The Army gave the Sharif government five days to find out the source that “fed” the information to Almeida about the crucial October 3rd meeting.

Almeida’s report had minute details and it was later backed by the editor of Dawn who said that the facts were checked and rechecked. During the five days that the Sharif government had to come up with a plausible explanation, the PMO bungled by first putting Almeida on the Exit Control List and then withdrawing it.

It fielded interior minister Chaudhury Nisar to awkwardly explain its stand.

Meanwhile, almost the entire international public opinion favoured Almeida and press freedom.

Whoever planted the information on Dawn wanted it to appear that Nawaz Sharif and his brother Shahbaz Sharif, the chief minister of Punjab province, were knights in shining armour wanting to put terrorists behind bars but it was the Army that was preventing it.

As one journalist on a TV show said, “Inki capacity Chotu gang ko pakadne kii hai nahi, yeh kahaan sey Jaish ko pakdenge Gullu Butt they couldn’t catch who had one gun, they had to call the army.” The reference is to small time gangsters, who are unafraid of the civilian governments in Pakistan.
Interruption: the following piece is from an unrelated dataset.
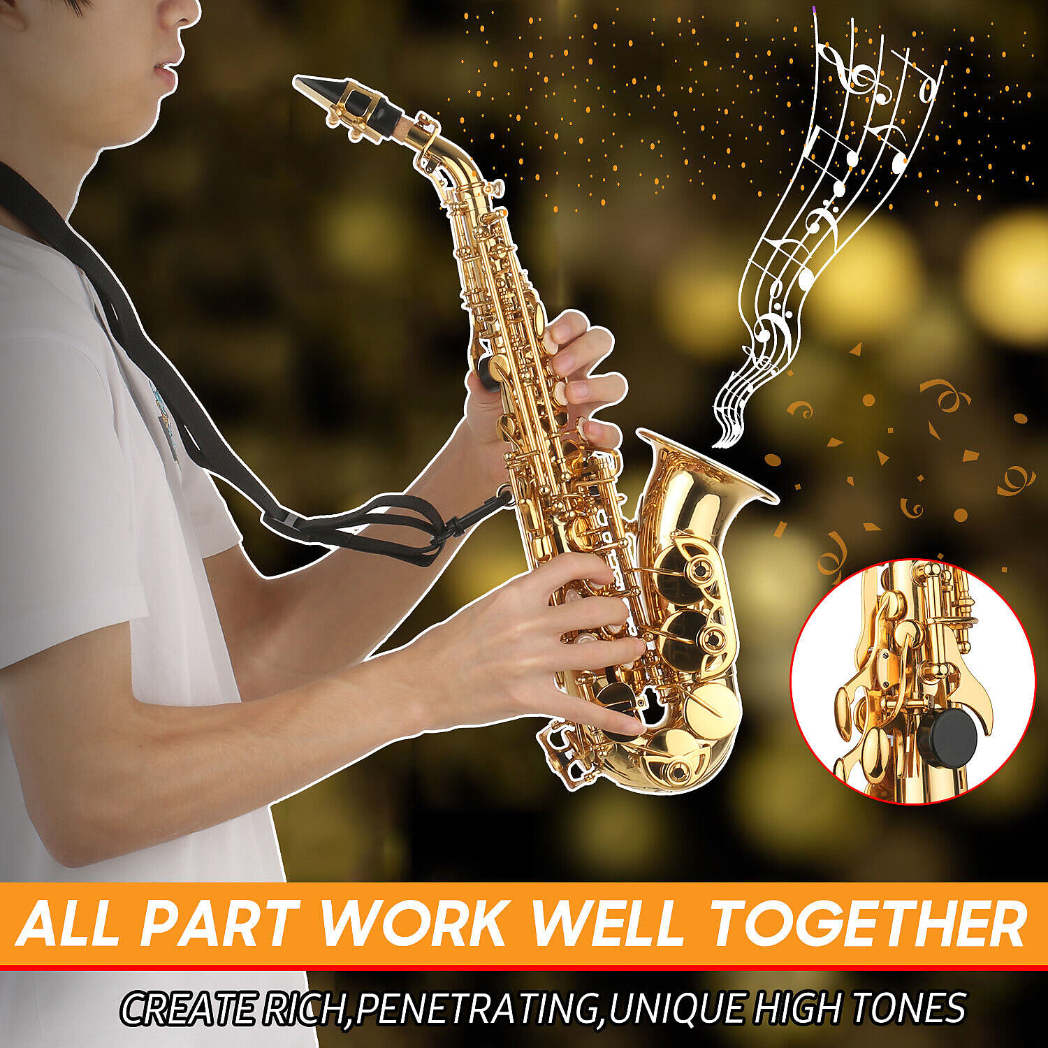 Saxophone Curved Brass Gold Lacquer Bb Sax + Carry Case Accessories W6B6
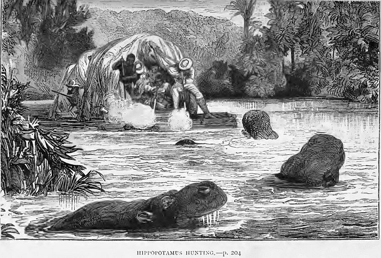 Many so fell, and doubtless more would have fallen; but before they had been long thus engaged, an order was issued for them to desist. It came from Jan Van Dorn, who had just conceived a grand economic scheme, suggested by something he saw in the river. This was a hippopotamus, or rather several; for since leaving the foot of the rapids, numbers of these amphibia had been observed, some waddling about upon the banks, others swimming to and fro in the water, the cows with calves on their backs; still others at rest on the surface as if asleep, with white birds—a species of sea-gull—perched upon their shoulders. Even those moving about had each its quota of such perchers, now and then affording an amusing spectacle, as the unwieldy quadrupeds sank under water, forcing the birds to take wing with an odd air of bewilderment. Not so different was the behaviour of the quadrupeds themselves, as they saw the raft bear down upon them, and go drifting by—a sight altogether new to them. They may have seen canoes, water-horses, and other contrivances of river navigation in use among the natives, but never a craft like that—never one of such monstrous dimensions. And a monster it must have appeared to them, as at intervals it belched forth flame and smoke, accompanied by the loud reports of the roers.

The insinuation was that it was preposterous suggestion in the Almeida report that Shahbaz Sharif had the gumption to have said what he did about the Army protecting terrorists who Nawaz and Shahbaz wanted to crackdown on.

But TV commentators in Pakistan are now deducing that what actually happened was that after the success of Zarb-e-Azb, the military offensive against the Taliban in North Waziristan, and similar crackdown in Sindh, the army was keen to move into the Punjab province.